On Wed, Jan 31, 2024 at 06:31:11PM +0800, peterx@redhat.com wrote:
> From: Peter Xu <peterx@redhat.com>
>
> Now multifd's logic is designed to have no spurious wakeup. I still
> remember a talk to Juan and he seems to agree we should drop it now, and if
> my memory was right it was there because multifd used to hit that when
> still debugging.
>
> Let's drop it and see what can explode; as long as it's not reaching
> soft-freeze.
>
> Signed-off-by: Peter Xu <peterx@redhat.com>
> ---
> migration/multifd.c | 3 ---
> 1 file changed, 3 deletions(-)
>
> diff --git a/migration/multifd.c b/migration/multifd.c
> index 0f22646f95..bd0e3ea1a5 100644
> --- a/migration/multifd.c
> +++ b/migration/multifd.c
> @@ -766,9 +766,6 @@ static void *multifd_send_thread(void *opaque)

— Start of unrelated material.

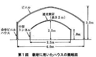 1994年6月14日に‘青帝’を播種し,7月5日に第1図に示すように間口6m,高さ3mの鉄骨ビニルハウス内に,間口2.5m,高さ2mの中型トンネルを設置し,#610の白寒冷紗及び熱線カットフィルムを畝長2m,地表面からの高さ1mの所まで被覆する区及び対照区として無被覆区を設けた。各区とも白黒ダブルマルチを使用し白面を表にして被覆した畝に条間15cm,株間15cmで5条植えした。収穫は8月4日に行い,試験1と同様の調査を行った。

> p->pending_sync = false;
> qemu_mutex_unlock(&p->mutex);
> qemu_sem_post(&p->sem_sync);
> - } else {
> - qemu_mutex_unlock(&p->mutex);
> - /* sometimes there are spurious wakeups */
> }
> }
>
> --
> 2.43.0
>
While removing this is still the goal, I just noticed that _if_ something
spurious wakeup happens then this will not crash qemu, but instead it'll
cause mutex locked forever and deadlock.
A deadlock is less wanted than a crash in this case, so when I repost, I'll
make sure it crashes and does it hard, like squashing this in:
====
diff --git a/migration/multifd.c b/migration/multifd.c
index bd0e3ea1a5..89011f75d9 100644
--- a/migration/multifd.c
+++ b/migration/multifd.c
@@ -751,7 +751,9 @@ static void *multifd_send_thread(void *opaque)
p->next_packet_size = 0;
p->pending_job = false;
qemu_mutex_unlock(&p->mutex);
- } else if (p->pending_sync) {
+ } else {
+ /* If not a normal job, must be a sync request */
+ assert(p->pending_sync);
p->flags = MULTIFD_FLAG_SYNC;
multifd_send_fill_packet(p);
ret = qio_channel_write_all(p->c, (void *)p->packet,
====
Fabiano, I'll keep your ACK, but let me know otherwise..
--
Peter Xu